Full-text search using n-gram matching for the Mongoid ODM. Works for MongoDB 1.6, support for 1.8 coming soon.
Suppose you have an Artist
model and want to index each artist's name:
class Artist
include Mongoid::Document
include Mongoid::FullTextSearch
field :first_name
field :last_name
def name
[first_name, last_name].join(' ')
end
fulltext_search_in :name
end
The fulltext_search_in
directive will index the full name of the artist, so now
you can call:
Artist.fulltext_search("vince vangogh")
which will return an array of the Artist instances that best match the search string. Most likely, Vincent van Gogh will be included in the results.
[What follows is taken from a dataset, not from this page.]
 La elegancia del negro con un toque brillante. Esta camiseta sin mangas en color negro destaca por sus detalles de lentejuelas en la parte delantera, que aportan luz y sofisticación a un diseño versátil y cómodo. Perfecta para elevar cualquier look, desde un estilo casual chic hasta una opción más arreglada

You can index multiple fields with the same index, so we can get the same effect of our Artist index above using:
class Artist
include Mongoid::Document
include Mongoid::FullTextSearch
field :first_name
field :last_name
fulltext_search_in :first_name, :last_name
end
To restrict the number of results returned, pass the :max_results
parameter to fulltext_search
:
Artist.fulltext_search("vince vangogh", :max_results => 5)
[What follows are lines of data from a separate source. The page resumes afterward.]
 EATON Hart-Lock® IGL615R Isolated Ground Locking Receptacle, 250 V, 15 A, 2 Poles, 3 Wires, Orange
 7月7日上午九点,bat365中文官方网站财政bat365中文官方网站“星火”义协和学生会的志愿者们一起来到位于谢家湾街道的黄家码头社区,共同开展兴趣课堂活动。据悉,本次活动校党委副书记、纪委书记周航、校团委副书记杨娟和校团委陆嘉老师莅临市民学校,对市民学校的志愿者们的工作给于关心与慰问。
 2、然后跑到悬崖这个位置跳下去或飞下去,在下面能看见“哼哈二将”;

If you don't specify a field to index, the default is the result of to_s
called on the object.
The following definition will index the first and last name of an artist:
class Artist
include Mongoid::Document
include Mongoid::FullTextSearch
field :first_name
field :last_name
def to_s
'%s %s' % [first_name, last_name]
end
fulltext_search_in
end
The full-text index is stored in a separate MongoDB collection in the same database as the
models you're indexing. By default, the name of this collection is generated for you. Above,
a collection named something like mongoid_fulltext.index_artist_0
will be created to
hold the index data. You can override this naming and provide your own collection name with
the :index_name parameter:
class Artwork
include Mongoid::Document
include Mongoid::FullTextSearch
field :title
fulltext_search_in :title, :index_name => 'mongoid_fulltext.foobar'
end
You can also create multiple indexes on a single model, in which case you'll want to provide index names:
class Artwork
include Mongoid::Document
include Mongoid::FullTextSearch
field :title
field :artist_name
field :gallery_name
filed :gallery_address
fulltext_search_in :title, :index_name => 'title_index'
fulltext_search_in :artist_name, :index_name => 'artist_name_index'
fulltext_search_in :gallery_name, :gallery_address, :index_name => 'gallery_index'
end
The index names are helpful now because you'll have to specify which one you want to use when you
call fulltext_search
:
Artwork.fulltext_search('warhol', :index => 'artist_name_index')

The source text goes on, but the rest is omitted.